Let’s say, for example, your taxable bucket is where your IRA’s and 401k’s would be. These are things in retirement that are 100% taxable to you from every dollar you take out.

The second bucket is your non-taxable budget. That is going to be your Roth IRA’s or Roth 401k’s and maybe an HAS and proceeds from the sale of your home. This is money you can actually take out of these accounts and not pay any tax on.

The third one is partially taxable accounts, which would be things like annuities and after tax investments. What happens is if you have all of your money in a taxable bucket, every dollar you take out to fund your lifestyle and retirement is taxable.
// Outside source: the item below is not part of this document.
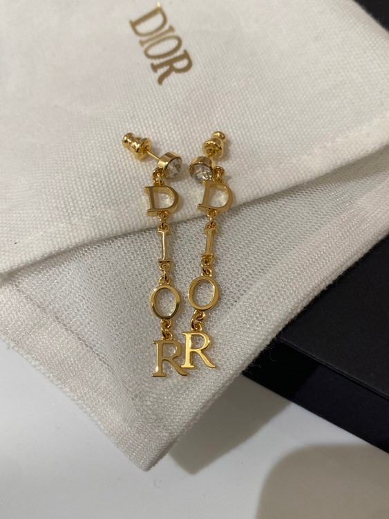 Dior diamond long letter earrings-3956
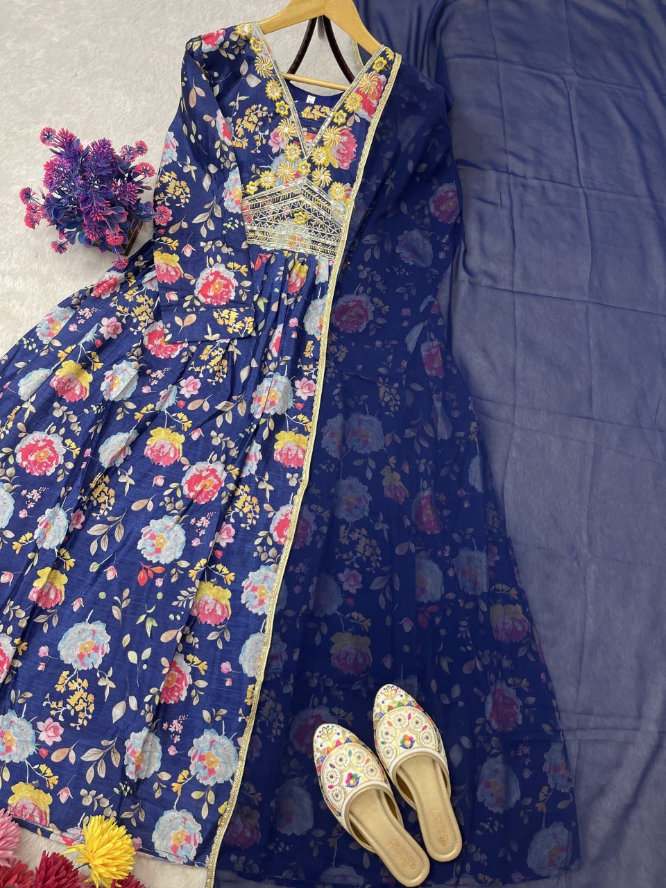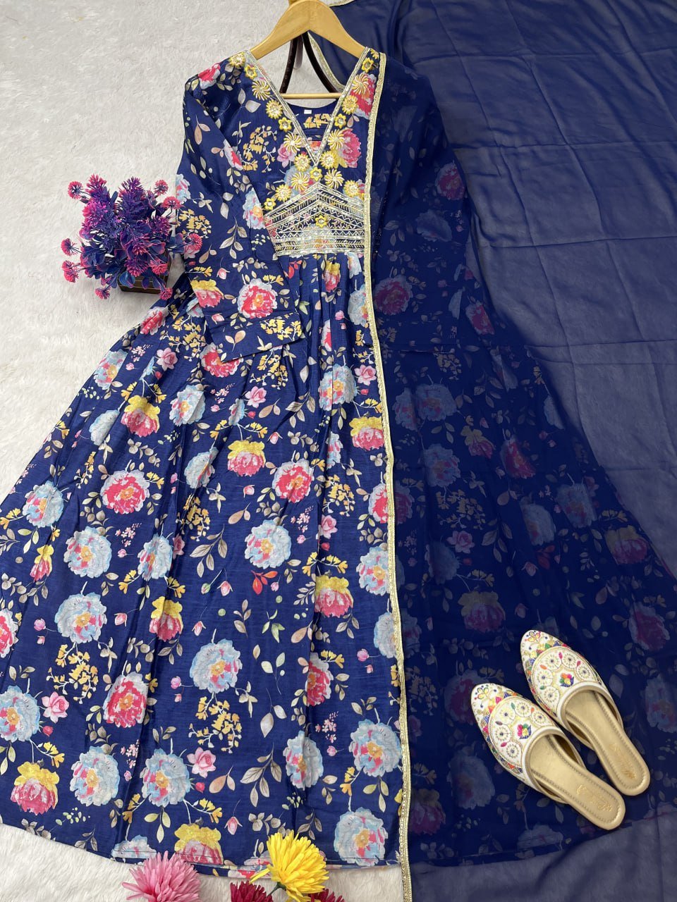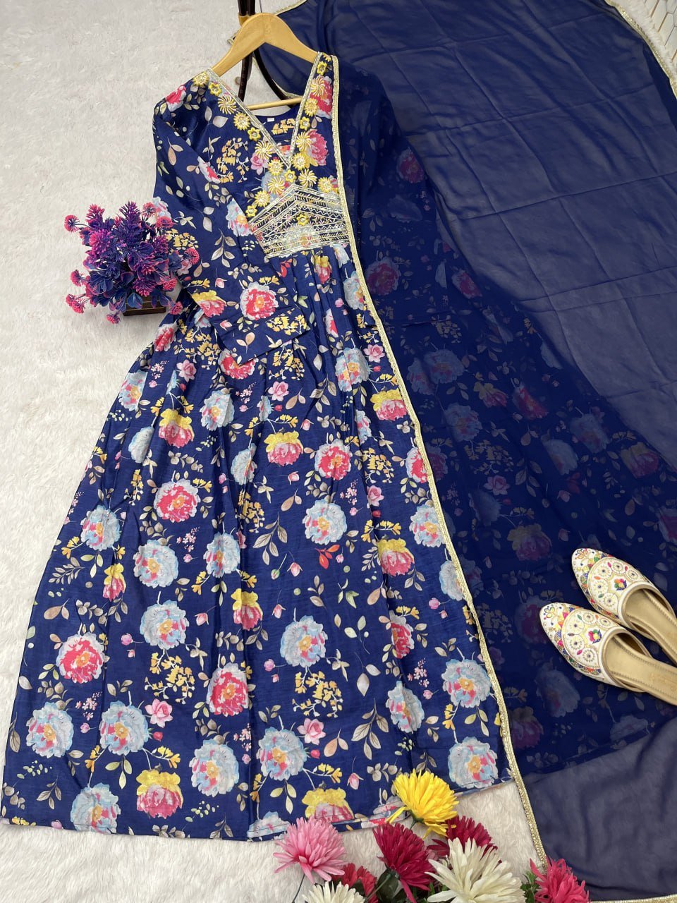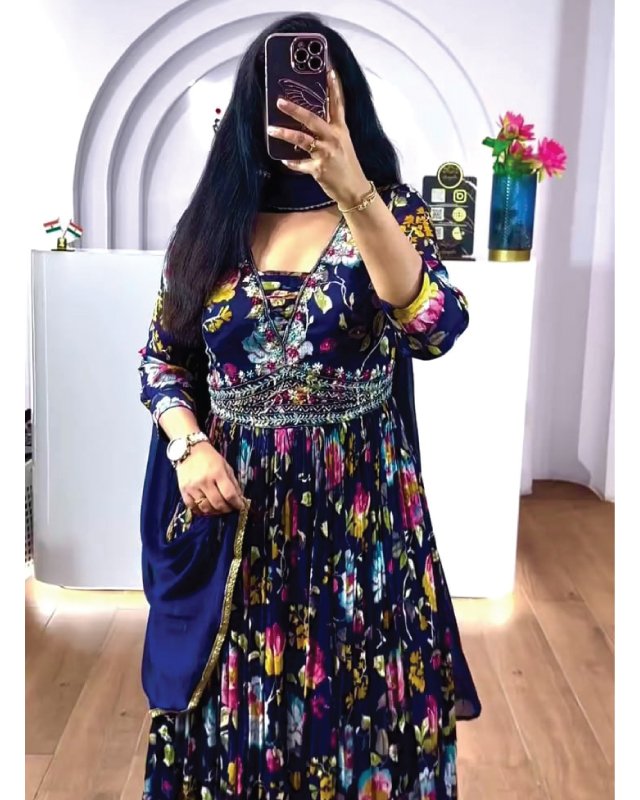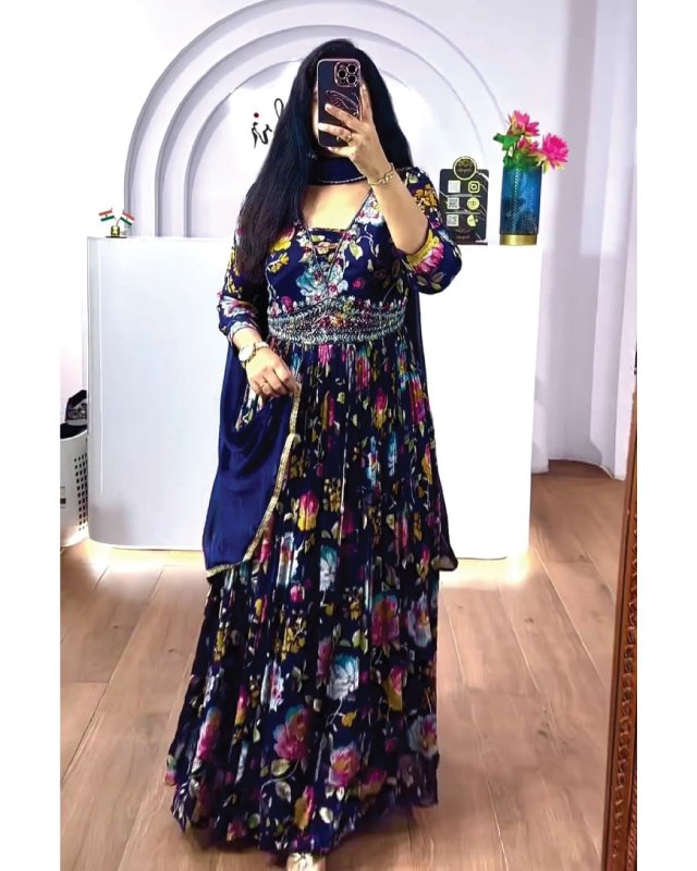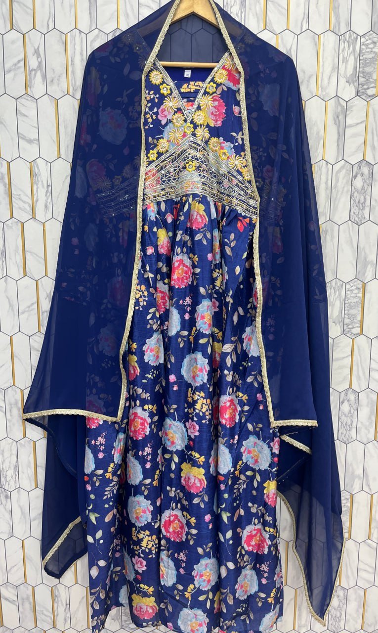 Crafted with pure chinon silk and highlighted with embroidery sequence work combined with vibrant digital prints, the gown offers both luxury and comfort. Paired with a fox georgette dupatta adorned with a four-side lace border, this outfit is designed to make you stand out at any event. Available exclusively at the best women clothing shop in Qatar, it is fully stitched, ready to wear, and comes in multiple sizes.

There’s really no tax planning that you can do.

Let’s say you have three buckets. Let’s say you have the taxable and the non-taxable bucket. Now you can pull money from either one and you can actually say how much taxable income you want to have. You can only have so much taxable income because you are going to take some out of your non-taxable bucket, and some out of your taxable bucket. It just adds a lot of flexibility when you have these different buckets in retirement.

It sounds complicated and overwhelming to figure out where you are going to put your money and how you’re going to do it. How do you figure it out?

I wouldn’t say it’s easy, but if you know where you expect to be in retirement, a good accountant will be able to walk you through this. They can help you determine, for example, if it’s best for you right now to put money into a Roth IRA or if you should be putting money into a traditional IRA. Should you be putting money into a Roth 401k or a traditional 401k? Sometimes it is short-term pain for long-term gain. Yes, you don’t save the tax dollars today if you do a Roth contribution, but you won’t have to pay taxes on it later. Like I said earlier, with tax rates being as low as they’ve ever been, now may be the time to pay some tax at lower rates because later on they may be higher. The whole concept of a Roth is to pay less tax today than you would pay in the future.

What are some of the other benefits that you can think of by having this flexibility?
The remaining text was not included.